Achieving the best possible IQ for human perception requires an optimal lens and sensor, and an ISP (image signal processor) painstakingly tuned by an expert. Complicating the system design are the realities of component cost and quality, image sensor and ISP capabilities, tuning time and effort, and available expertise. There are even regional biases that factor into perceived quality, such as a preference for cooler images versus warmer images between different cultures. Despite these subjective factors, testing and calibration environments, along with specific metrics, still make the human perception tuning process more objective (at least for products targeting a particular region of the world, for example).

For both traditional and neural network-based CV (computer vision) systems, on the other hand, maximizing image quality is primarily about preserving as much data as possible in the source image to maximize the accuracy of downstream processing algorithms. This objective is application-dependent in its details. For example, sharp edges allow the algorithm to achieve better feature extraction for doing segmentation or object detection, but they result in images that look harsh to a human viewer. Color accuracy is also critical in applications such as sign recognition and object classification, but may not be particularly important for face recognition or feature detection functions.

As the industry continues to explore deep learning computer vision approaches and begins to integrate them into shipping products, training these neural network models with ever-larger tagged image and video datasets to improve accuracy becomes increasingly important. Unfortunately, many of these training images, such as the ImageNet dataset for classification, are captured using typical consumer handheld and drone-based cameras, stored in lossy-compressed formats such as JPEG, and tuned for human vision purposes.
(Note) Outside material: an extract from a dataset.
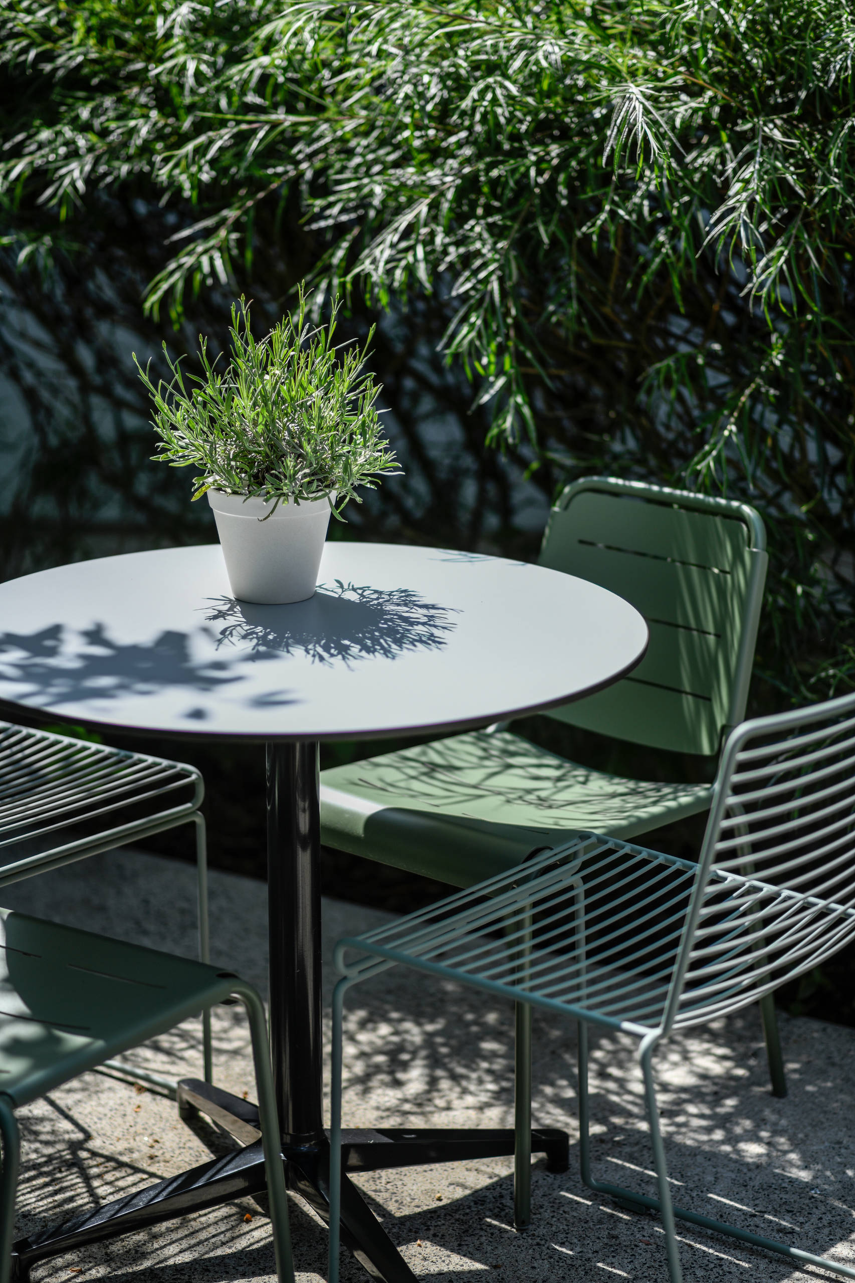 Ja, så ville det være noget, som er både praktisk, veldesignet, let at leve med og som skaber associationer til klasselokaler fra skoletiden. Noget, som indfanger årets farveskema, og som fungerer lige godt inde og ude. Kort sagt noget, der er godt på alle måder. Dette ene uundgåelige objekt er en metalstol med horisontale metalriller og cylinder-ben. Adskillige mærker, herunder Adico og Petite Friture, udstillede deres bud på dette møbel under årets store messe i Paris.

Their resultant significantly less-than-ideal included information hampers the very accuracy improvements that computer vision algorithm developers are striving for. Significant industry effort is now therefore being applied to computer vision classification, in order to improve accuracy (e.g. the precision and recall) of identifying a scene as well as specific objects within an image.

Application Examples

To further explore the types of images needed for computer vision versus human perception, first look at a "classical" machine vision application that leverages a vision system for quality control purposes, specifically to ensure that a container is within allowable dimensions. Such an application gives absolutely no consideration to images that are "pleasing to the eye." Instead, system components such as lighting, lens, camera and software are selected solely for their ability to maximize defect detections, no matter how unattractive the images they create may look to a human observer.
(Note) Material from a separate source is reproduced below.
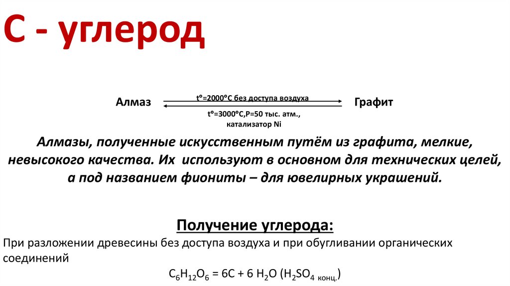 С6Н12О6 = 6С + 6 Н2О (H2SO4 конц.)

On the other hand, ADAS (Advanced Driver Assistance Systems) is an example of an application that drives tradeoffs between images generated for processing and for viewing (Figure 2). In some cases, these systems are focused entirely on computer processing, since the autonomous reactions need to occur more rapidly than a human can respond, as with a collision avoidance system. Other ADAS implementations combine human viewing with computer vision, such as found in a back-up assistance system. In this case, the display outputs a reasonably high quality image, typically also including some navigational guidance.

Figure 2. ADAS and some other embedded vision applications may require generating images intended for both human viewing (top) and computer analysis (bottom) purposes; parallel processing paths are one means of accomplishing this objective (courtesy study.marearts.com).
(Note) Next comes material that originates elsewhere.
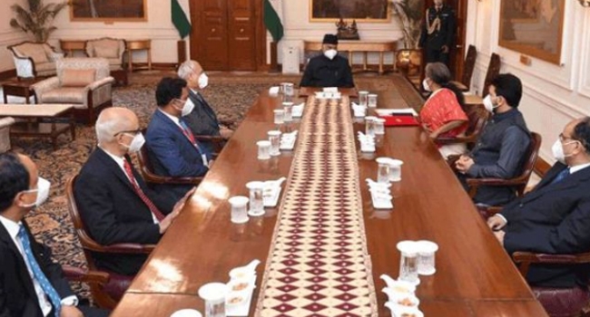 രാഷ്ട്രപതി റാംനാഥ് കോവിന്ദിനെ സന്ദര്ശിച്ച് അവതരണാനുമതി തേടിയതിന് ശേഷമാണ് ഇവര് പാര്ലമെന്റിലെത്തിയത്. ധനകാര്യ മന്ത്രി നിര്മല സീതാരാമന് അവതരിപ്പിക്കുന്ന മൂന്നാമത്തെ ബജറ്റാണ് ഇത്.

More advanced back-up systems also include passive alerts (or, in some cases, active collision avoidance) for pedestrians or objects behind the vehicle. In this application, the camera-captured images are parallel-processed, with one path going to the in-car display where the image is optimized for driver and passenger viewing. The other processing path involves the collision warning-or-avoidance subsystem, which may analyze a monochrome image enhanced to improve the accuracy of object detection algorithms such as Canny edge and optical flow.

Camera Design Tradeoffs

As background to a discussion of computer vision component selection, consider three types of vision systems: the human visual perception system, mechanical and/or electrical systems designed to mimic human vision, and computer vision systems (Figure 3). Fundamental elements that are common to all three of these systems include:

Figure 3. Cameras, whether conventional or computer vision-tailored, contain the same fundamental elements as found in the human visual system (courtesy Algolux).

For human vision, millions of years' worth of evolution has determined the system's current (and presumably optimal) structure, design, and elements. For designers of imaging systems, whether for human perception or computer vision, innovation and evolution have conversely so far produced an overwhelming number of options for each of these system elements. So how does a designer sort through the staggering number of lighting, lens, sensor, and processor alternatives to end up with the optimal system combination? And just as importantly, how does the designer model the system once the constituent elements are chosen, and how is the system characterized?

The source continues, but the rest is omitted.